Drives are some of the quickest, most versatile moves in all of badminton. And if you’re a doubles fan, you’ve probably seen firsthand how these shots can completely flip the situation in a rally. But how can you try a drive shot for yourself — and in which scenarios can they help you the most?
Below, we’ll dive into the details behind badminton drives, including how to do them, reasons to use them, and exactly when they can help you gain the advantage.
How to Execute a Badminton Drive
Drives can be executed on either your forehand or backhand side, but it’s important to keep in mind that they won’t require your full power.
Instead, you’ll want to primarily use your forearm and wrist strength to send the shuttle flying to your opponent’s mid-court. If you go in for a full-arm swing, you might use too much power and run the risk of hitting the shuttle out of bounds.
With that in mind, here are the main steps to achieving a drive shot:
- Hop into your defensive stance — with your legs wide, your body slightly lowered, and facing the net. Your racket should be up and ready to swing.
- As your opponent hits the shuttle, bring your racket up with your elbow pointing forward. This will make it easier for you to generate power behind your shot (which can be harder to do if your elbow is pointed out to the side).
- Step into the shuttle as you swing to create a powerful, flat flight path.
- Rotate your forearm and wrist forward to flick the shuttle while it’s in front of you, and allow the momentum of your body to help add power to the shot. As you do so, aim to hit the shuttle in a way that keeps it close to the net with a flat trajectory.

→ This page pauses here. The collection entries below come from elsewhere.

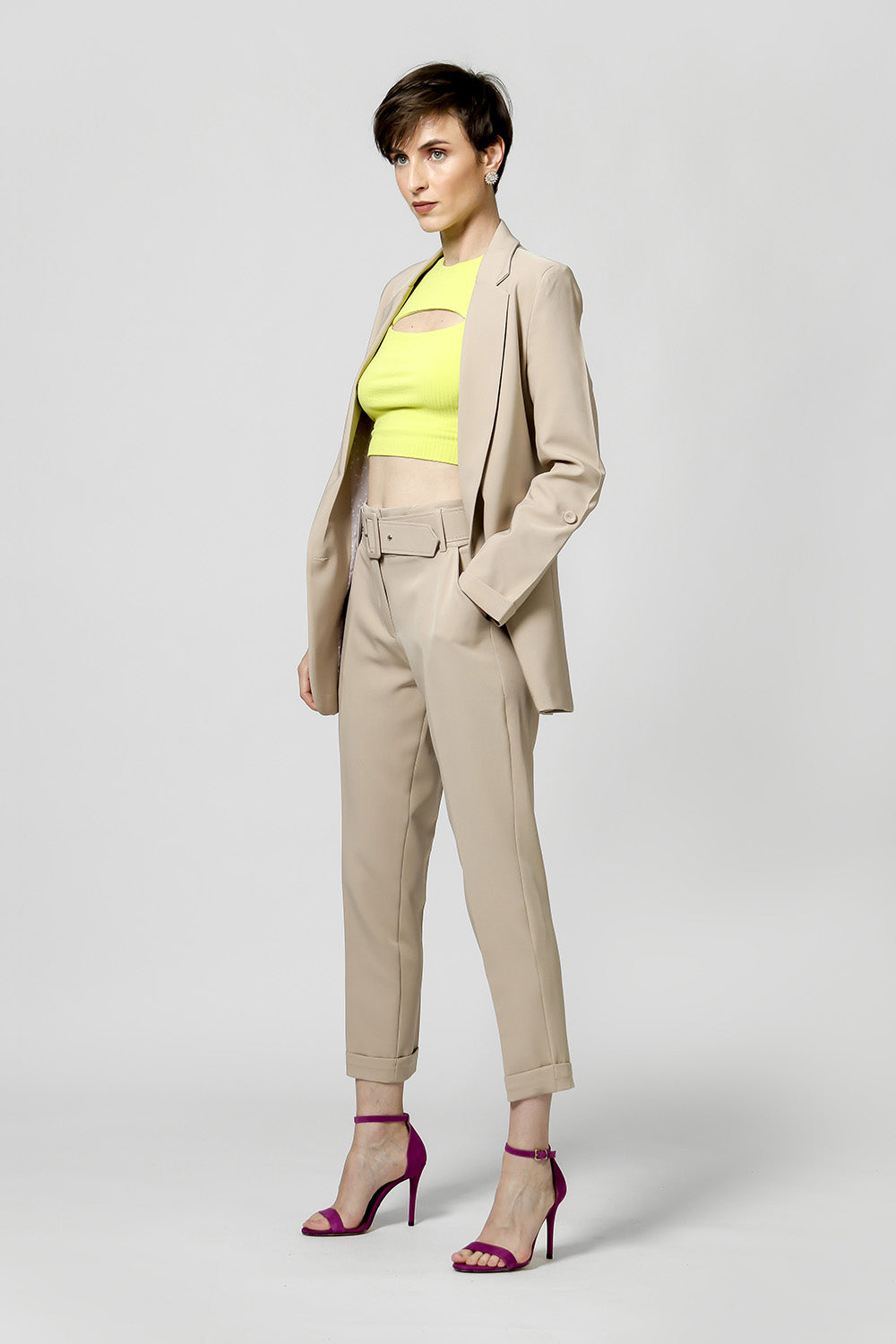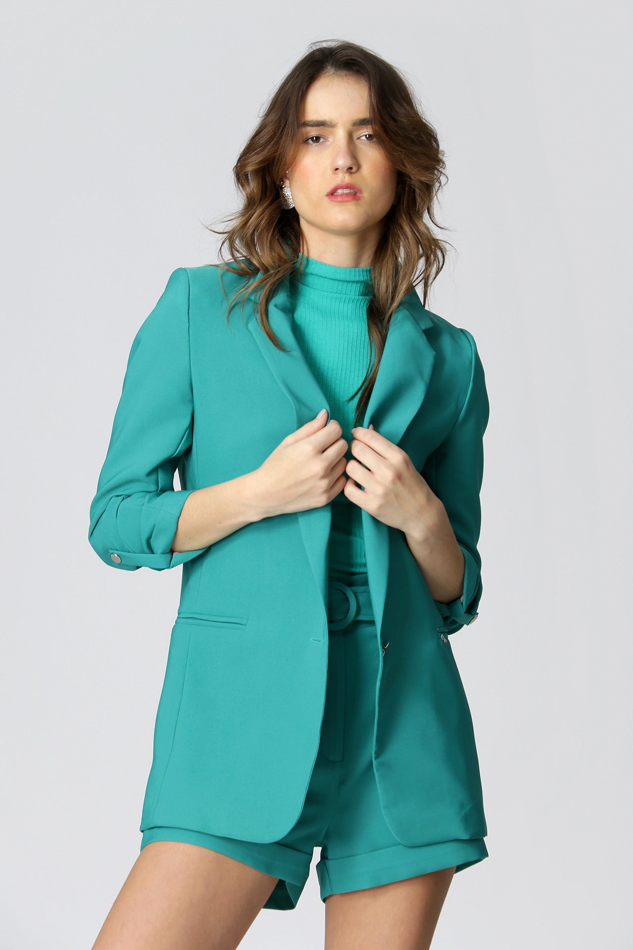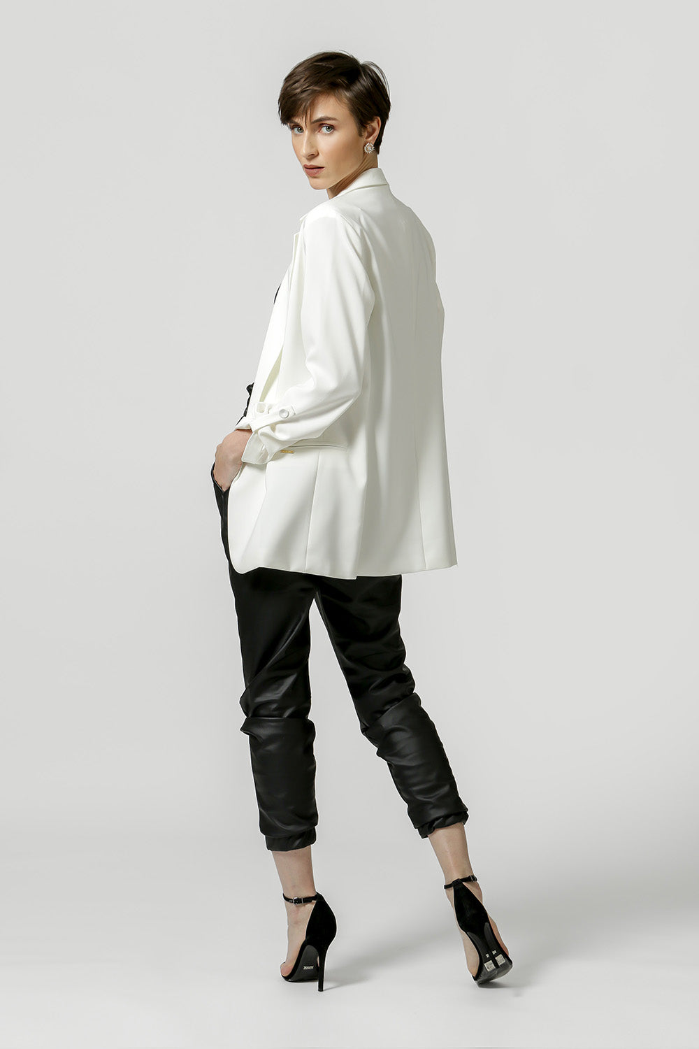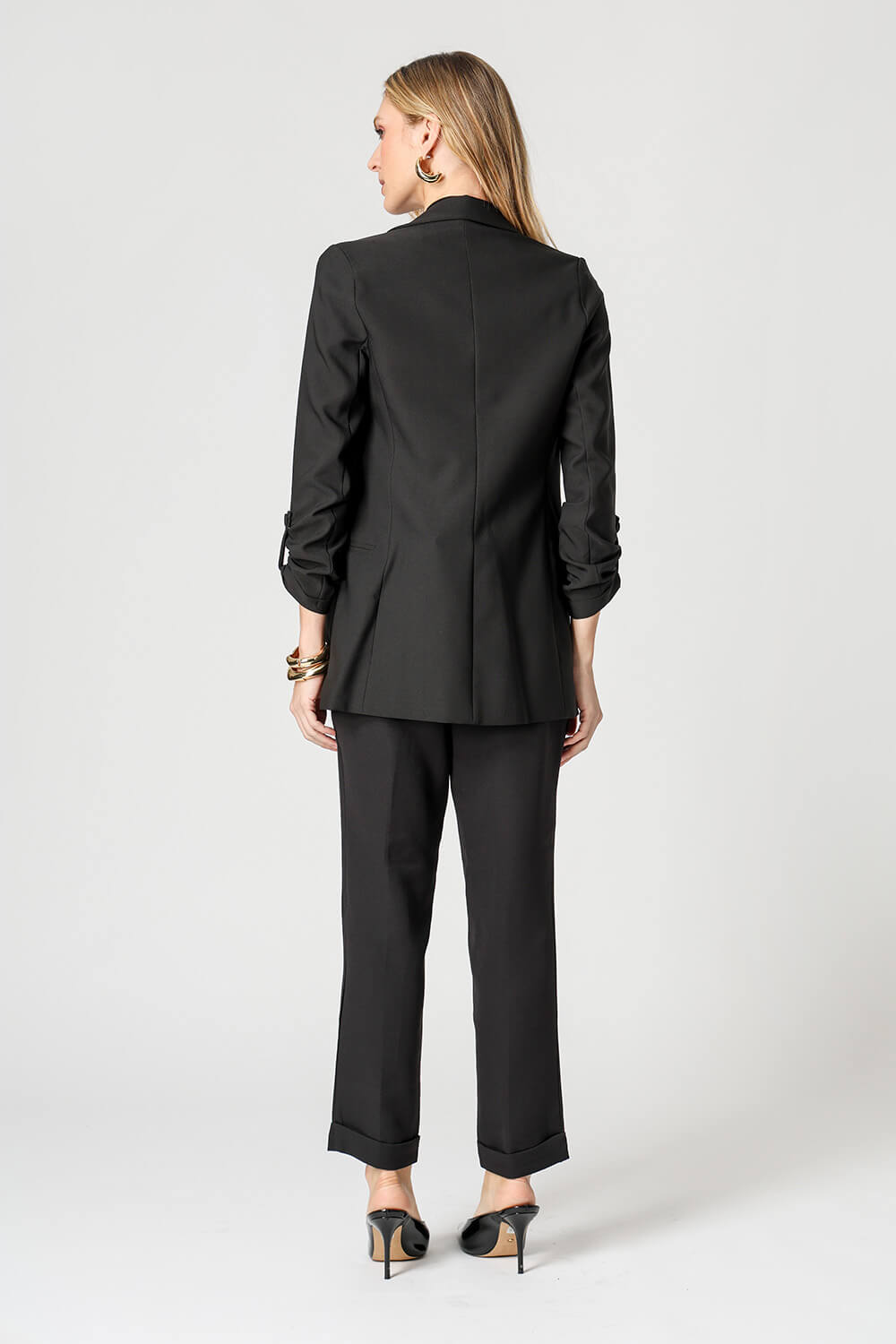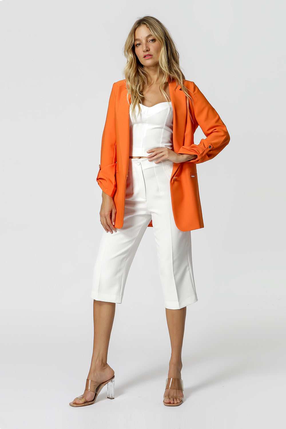 Blazer de alfaitaria com shape longline, com detalhe de martingale e com forro estampado.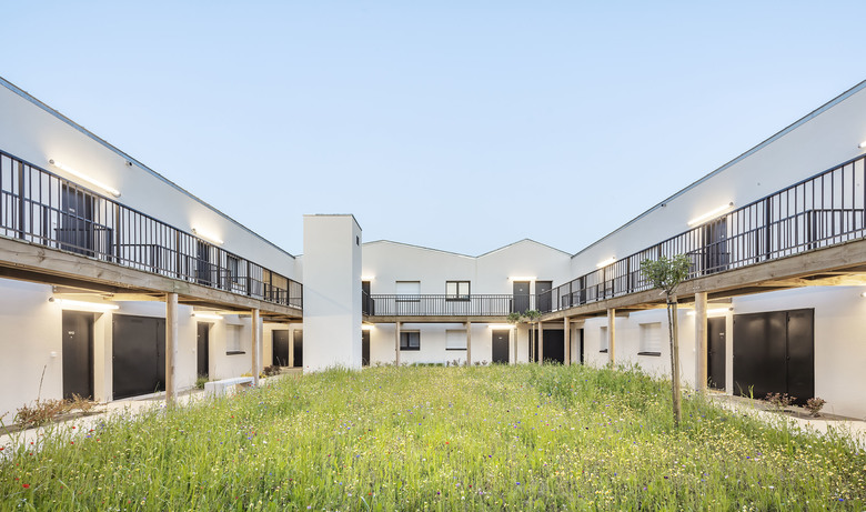 Architektur ist nicht von den Kosten abhängig – dieses Credo setzen Baumschlager Eberle Architekten seit Jahrzehnten erfolgreich um. Auch der jüngste soziale Wohnbau in Bretteville-sur-Odon spricht dafür. An der Peripherie von Caen (Normandie) gelegen, wurde mit dem „Le Patio“ ein kompaktes, prägnantes Volumen mit 27 Wohnungen realisiert, das räumlich und typologisch überzeugt. Zwei l-förmige Bauteile mit Öffnungen zur Umgebung umschließen den natürlich begrünten Innenhof. Eine Holzkonstruktion erschließt die obere Etage der Anlage, luftig und materialgerecht.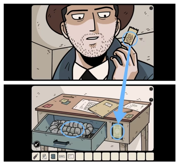 回到那间没有光线的房间,把软管连接到吸尘设备上并启动它,然后用裁纸刀划开布袋取出那张卡片,之后返回二楼右边的房间,用卡片解锁金属柜,点击里面的纸张资料就会触发后续情节。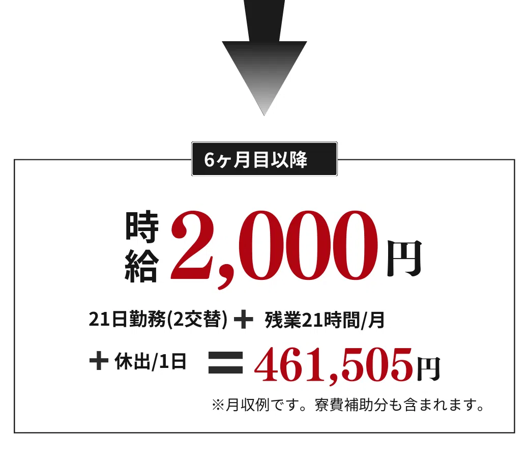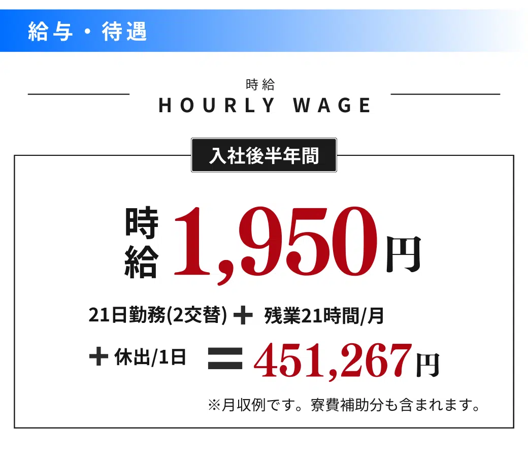 (注)半年経過後の時給2,000円への昇給対象は、いなべ工場のみです(吉原・富士松工場は時給1,900円)。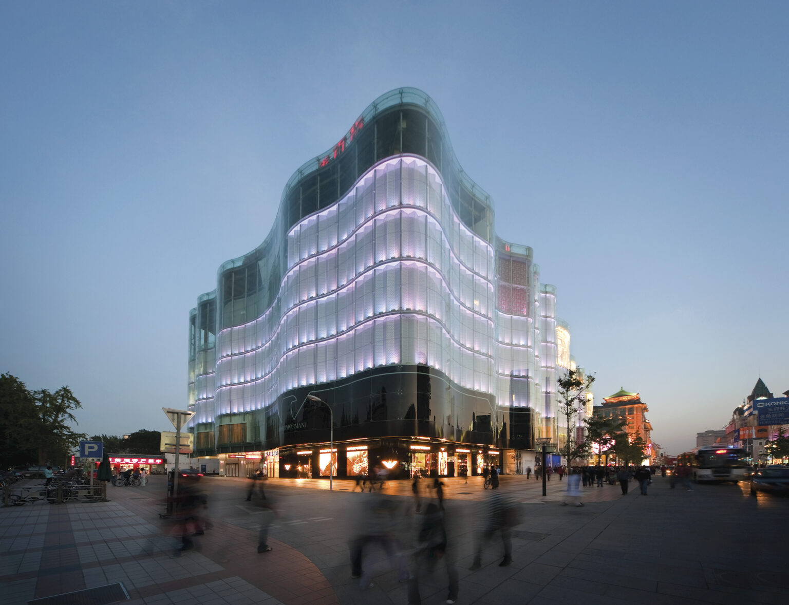 Responding to its historical artistic context and contemporary program of uses, the building is conceived as a theatre behind a transparent glass stage curtain. The glass curtain provides an opportunity to view, in select spots, an interior of colour, movement, advertising and display visible to Wang Fu Jing and Jin Yu Hu Tong Streets.

- Get back into position and expect a fast exchange of shots. While drive shots can end up scoring you a point right away, it’s quite possible that your opponents will fire back with another drive — and in these cases, you’ll want to be ready for action!
Why Use Badminton Drives?
If you’ve ever watched professional doubles games, you’ve probably seen your fair share of heated drive exchanges. However, these shots are a bit riskier — and rarer — in singles. This is simply because of how fast-paced drives are; if you start a drive exchange in singles, it can be tough to cover all the open space on your court.
With that in mind, why should you use badminton drives? In both singles and doubles, you can use drives to throw off your opponent’s rhythm when they’re expecting a frontcourt shot. In these cases, they may start lunging toward the net, only to be completely caught off guard as your drive shot flies past them.
Aside from that, drives can work excellently as counterattacks to weaker smashes. When used at the right time, they can help you turn a defensive situation — where you may have been hitting lifts or blocks to protect yourself — into a more level playing field. You can use them to increase the pace of the rally and eventually force your opponent to hit a weak, floaty shot.
Examples of When to Use Badminton Drives
Now you know the benefits of using drive shots, but what do these situations actually look like in practice? To help you get a clear picture, here are some specific examples to consider:
- When your opponent hits a crosscourt smash from their backcourt in doubles: By hitting a drive to the opposite side of their court, your shot can potentially surprise and outpace the frontcourt player.
- When returning a serve in doubles: Mixing in occasional drives as you return serves can abruptly increase the speed of a rally and keep your opponent guessing your next move.
- When your opponent hits a weak smash in singles: With fast reflexes, you can respond with a quick drive to the open side of their court. This can often force your opponent to hit a weak shot or miss entirely.
Drives are some of the most versatile moves in badminton, and they’re arguably one of the most useful shots in doubles. These flat, fast-paced shots can help add variety to your game, strengthen your defense, and make you a better overall player.
Like any badminton technique, drive shots can take time to learn. But whether you want to keep your opponents guessing, recover from being attacked, or set yourself up for a kill shot, it’s certainly worth finding the time to add these into your arsenal.